Aim of the task: Drop every image, then reproduce the data exactly as given.

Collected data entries
┌──

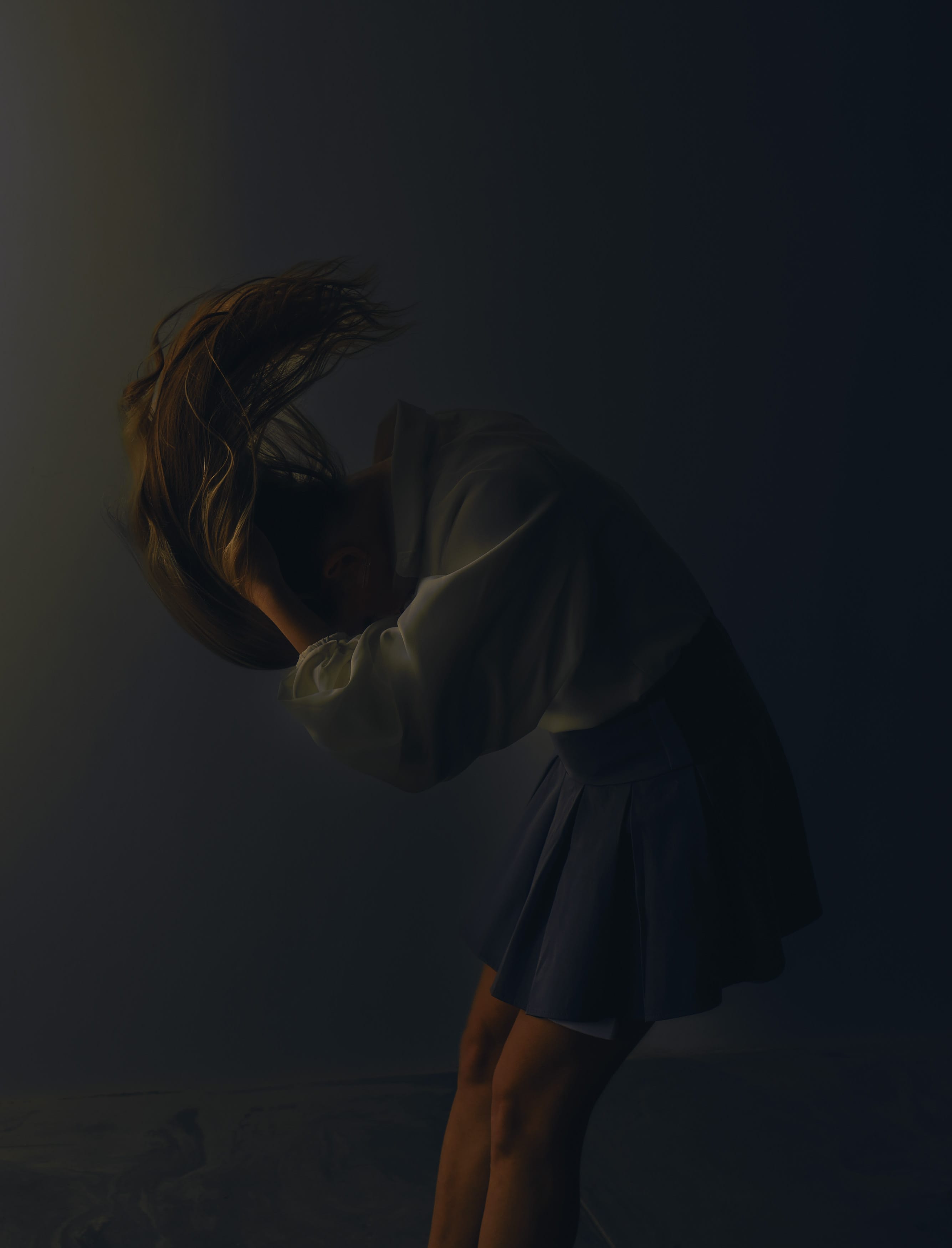 На снимке – женщина, склонившая голову вниз, в полумраке. Её фигура, в светлой футболке и брюках, занимает почти всю центральную часть кадра, создавая ощущение задумчивости и уединения. Мягкий свет, исходивший сверху, подчеркивает изгибы тела и создает драматический контраст теней. Это портрет, передающий атмосферу размышления и, возможно, некоторой грусти, в спокойной и темной обстановке.n
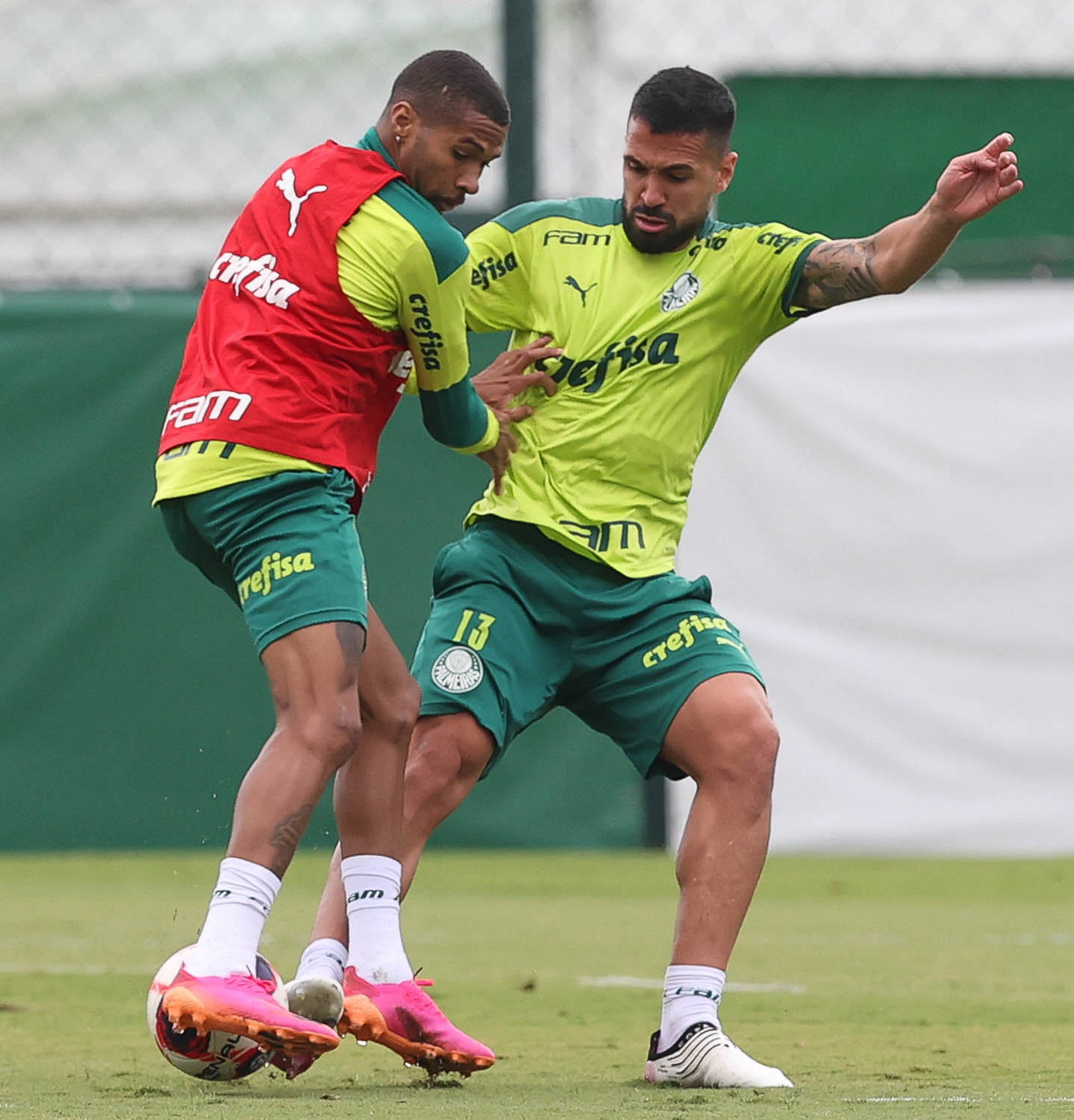 Os jogadores Gustavo Scarpa e Raphael Veiga (D), da SE Palmeiras, durante treinamento, na Academia de Futebol. (Foto: Cesar Greco)
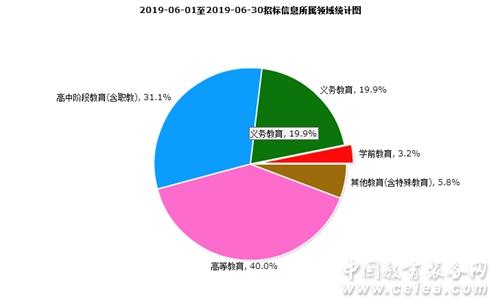 6月份招標(biāo)采購(gòu)信息所屬領(lǐng)域統(tǒng)計(jì)情況如圖6所示:學(xué)前教育占比為3.2%;義務(wù)教育占比為19.9%;高中階段教育(含職教)占比為31.1%;高等教育占比為40.0%;其他教育(含特殊教育)占比為5.8%。
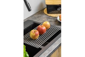 Izrađen od visokokvalitetnog nehrđajućeg čelika, smotani odvodnik na jednoj razini poboljšat će ergonomiju i udobnost pranja. Ujednačena boja brušenog čelika s crnim dodacima i univerzalnom veličinom učinit će ga savršeno uklopiti u unutrašnjost svake kuhinje. Osim toga, rubovi izrađeni od silikona jamčit će stabilnost i pružiti mogućnost rezanja odvodnjaka koji se sastoji od 28 šipki prema vlastitim potrebama.
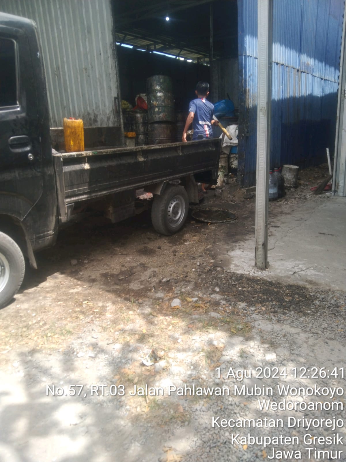 GRESIK,-1 Agustus 2024 / Di pinggir jalan wilayah Desa Wedoroanom, Kecamatan Driyorejo, Gresik. Saat melintas ditemukan gudang pengolahan minyak jenis CPO yang diduga tidak memiliki izin resmi. Menurut informasi yang diperoleh dari Mas Alam, bahan dasar minyak goreng sawit ini diolah menjadi makanan untuk ayam petelur, bebek, dan unggas lainnya.
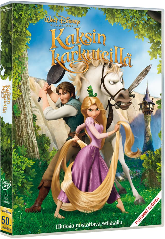 Kaksin karkuteillä (alkuperäisnimi Tangled) on huumorilla kuorrutettu koko perheen seikkailu. Valtakunnan etsityin ja hurmaavin roisto Flynn Rider (ääni Lauri Tähkäi) etsii piilopaikkaa salaisesta tornista, syvältä metsän siimeksestä, mutta päätyykin temperamenttisen teinitytön, Tähkäpään (ääni Maria Ylipää) vangiksi. Lumotuilla, valtavan pitkillä kullankeltaisilla hiuksilla siunattu Tähkäpää on jo jonkin aikaa etsinyt ulospääsyä tornista, jossa on joutunut viettämään vankina koko elämänsä, ja niin hän päätyy solmimaan molempia hyödyttävän sopimuksen komean varkaan kanssa. Pian omaperäinen kaksikko löytääkin itsensä kietoutuneena toiminnantäyteiselle pakomatkalle, jota täydentävät supervainulla varustettu hevonen, hassu kameleontti ja mellastava joukko baariöykkäreitä. Puhumme suomea.
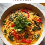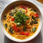 Serve your spicy coconut noodles hot, topped generously with fresh cilantro. These finishing herbs add a refreshing aromatic lift that makes every bite sing with flavor.
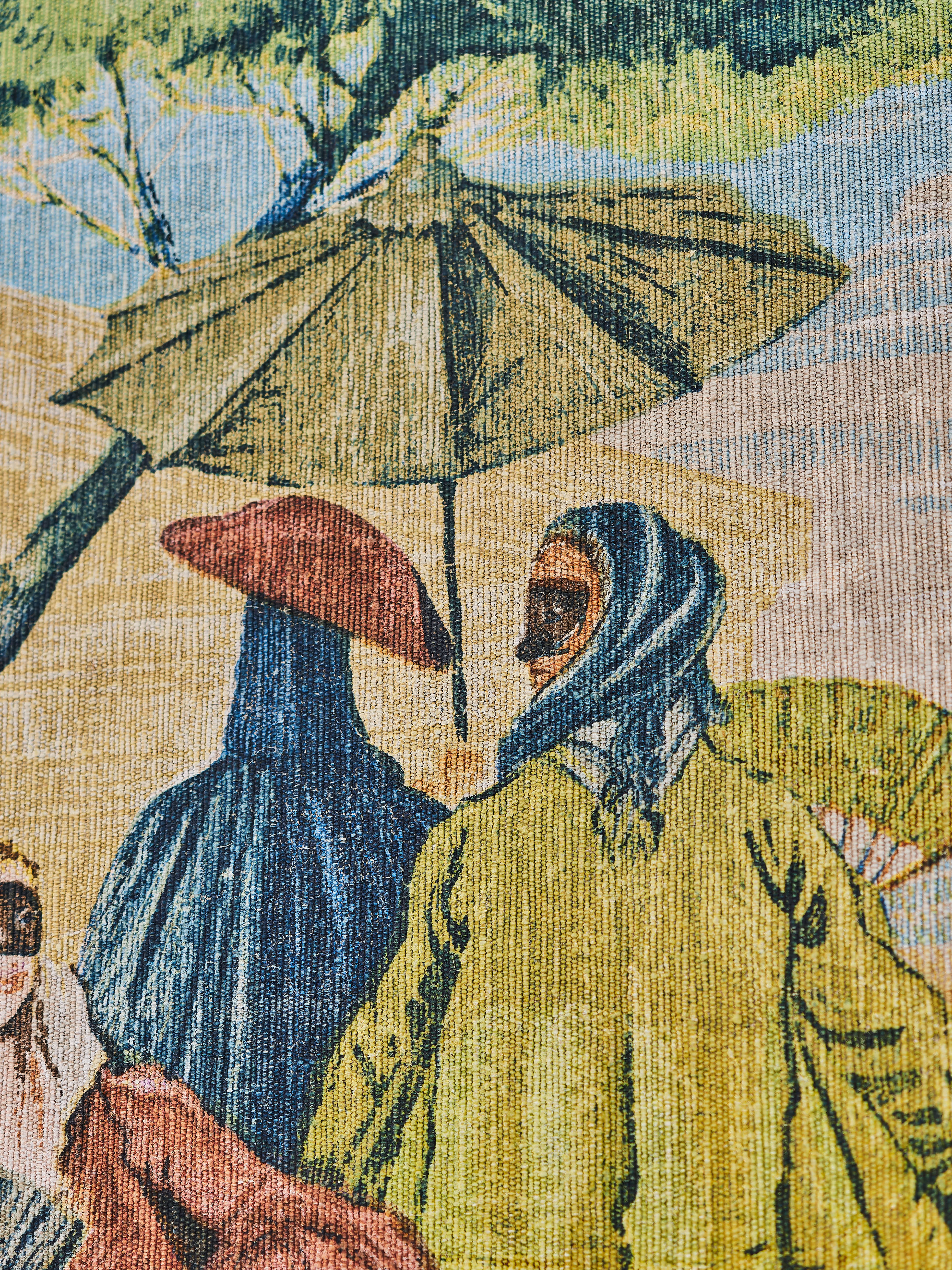 Dílo vyniká brilantním koloritem, jemnou strukturou a precizním detailem v zachycení oděvních vzorů i výrazu postav. Jedná se o ručně tištěnou tapiserii, která spojuje řemeslnou zručnost a umělecký výraz typický pro tvorbu manufaktury Robert Four. Tkanina je reverzně opatřena podšívkou pro stabilní zavěšení, což svědčí o jejím pečlivém zpracování a určení pro reprezentativní interiéry.

└──

Answer to the problem:
 На снимке – женщина, склонившая голову вниз, в полумраке. Её фигура, в светлой футболке и брюках, занимает почти всю центральную часть кадра, создавая ощущение задумчивости и уединения. Мягкий свет, исходивший сверху, подчеркивает изгибы тела и создает драматический контраст теней. Это портрет, передающий атмосферу размышления и, возможно, некоторой грусти, в спокойной и темной обстановке.n
 Os jogadores Gustavo Scarpa e Raphael Veiga (D), da SE Palmeiras, durante treinamento, na Academia de Futebol. (Foto: Cesar Greco)
 6月份招標(biāo)采購(gòu)信息所屬領(lǐng)域統(tǒng)計(jì)情況如圖6所示:學(xué)前教育占比為3.2%;義務(wù)教育占比為19.9%;高中階段教育(含職教)占比為31.1%;高等教育占比為40.0%;其他教育(含特殊教育)占比為5.8%。
 Izrađen od visokokvalitetnog nehrđajućeg čelika, smotani odvodnik na jednoj razini poboljšat će ergonomiju i udobnost pranja. Ujednačena boja brušenog čelika s crnim dodacima i univerzalnom veličinom učinit će ga savršeno uklopiti u unutrašnjost svake kuhinje. Osim toga, rubovi izrađeni od silikona jamčit će stabilnost i pružiti mogućnost rezanja odvodnjaka koji se sastoji od 28 šipki prema vlastitim potrebama.
 GRESIK,-1 Agustus 2024 / Di pinggir jalan wilayah Desa Wedoroanom, Kecamatan Driyorejo, Gresik. Saat melintas ditemukan gudang pengolahan minyak jenis CPO yang diduga tidak memiliki izin resmi. Menurut informasi yang diperoleh dari Mas Alam, bahan dasar minyak goreng sawit ini diolah menjadi makanan untuk ayam petelur, bebek, dan unggas lainnya.
 Kaksin karkuteillä (alkuperäisnimi Tangled) on huumorilla kuorrutettu koko perheen seikkailu. Valtakunnan etsityin ja hurmaavin roisto Flynn Rider (ääni Lauri Tähkäi) etsii piilopaikkaa salaisesta tornista, syvältä metsän siimeksestä, mutta päätyykin temperamenttisen teinitytön, Tähkäpään (ääni Maria Ylipää) vangiksi. Lumotuilla, valtavan pitkillä kullankeltaisilla hiuksilla siunattu Tähkäpää on jo jonkin aikaa etsinyt ulospääsyä tornista, jossa on joutunut viettämään vankina koko elämänsä, ja niin hän päätyy solmimaan molempia hyödyttävän sopimuksen komean varkaan kanssa. Pian omaperäinen kaksikko löytääkin itsensä kietoutuneena toiminnantäyteiselle pakomatkalle, jota täydentävät supervainulla varustettu hevonen, hassu kameleontti ja mellastava joukko baariöykkäreitä. Puhumme suomea.
 Serve your spicy coconut noodles hot, topped generously with fresh cilantro. These finishing herbs add a refreshing aromatic lift that makes every bite sing with flavor.
 Dílo vyniká brilantním koloritem, jemnou strukturou a precizním detailem v zachycení oděvních vzorů i výrazu postav. Jedná se o ručně tištěnou tapiserii, která spojuje řemeslnou zručnost a umělecký výraz typický pro tvorbu manufaktury Robert Four. Tkanina je reverzně opatřena podšívkou pro stabilní zavěšení, což svědčí o jejím pečlivém zpracování a určení pro reprezentativní interiéry.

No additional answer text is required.